- Theatrical release poster
- Spanish: Raqa
- Directed by: Gerardo Herrero
- Screenplay by: Irene Zoe Alameda
- Based on: Virgins and Executioners by Tomás Bárbulo
- Produced by: Mariela Besuievsky; Gerardo Herrero;
- Starring: Álvaro Morte; Mina El Hammani; Abdelatif Hwidar; Fariba Sheikhan; Ben Temple; Sara Hwidar; Cristina Kovani; Déborah François; Ali El Aziz; Juan Carlos Vellido;
- Cinematography: Juan Carlos Gómez
- Edited by: Clara Martínez Malagelada
- Music by: Paula Olaz
- Production companies: Tornasol Media; Malika y el Saharaui AIE; Angle Production;
- Distributed by: DeAPlaneta (es)
- Release dates: 10 November 2024 (Seville); 22 November 2024 (Spain);
- Countries: Spain; Morocco; Germany;
- Languages: Arabic; English; Spanish;

= Raqqa: Spy vs.

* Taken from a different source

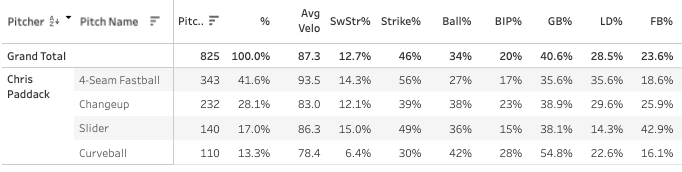 Chris Paddack - 102 TBF, 31.6% CSW%

Spy =

Raqqa: Spy vs. Spy (Raqa) is a 2024 spy thriller film directed by Gerardo Herrero from a screenplay by Irene Zoe Alameda based on a novel by Tomás Bárbulo. It is a Spanish-Moroccan-German co-production.

== Plot ==
Set in ISIS-controlled Raqqa, the plot follows mercenary spy Haibala (serving Russian interests) and Ceuta nurse/spy Malika (working via Europol), both chasing ISIS leader "The Jordanian".

== Production ==
The film was produced by Tornasol Media and Malika y el Saharaui AIE alongside Angle Production. Shooting locations included Casablanca, Marrakesh, and locations in Navarre such as Bardenas Reales.

== Release ==
The film screened at the 21st Seville European Film Festival on 10 November 2024. It is set to be released theatrically in Spain on 22 November 2024.

== Reception ==
Jonathan Holland of ScreenDaily wrote that "while the events and coincidences pile up too quickly, meaning that characters and issues who deserve more time lack depth, this efficient picture still merits international attention".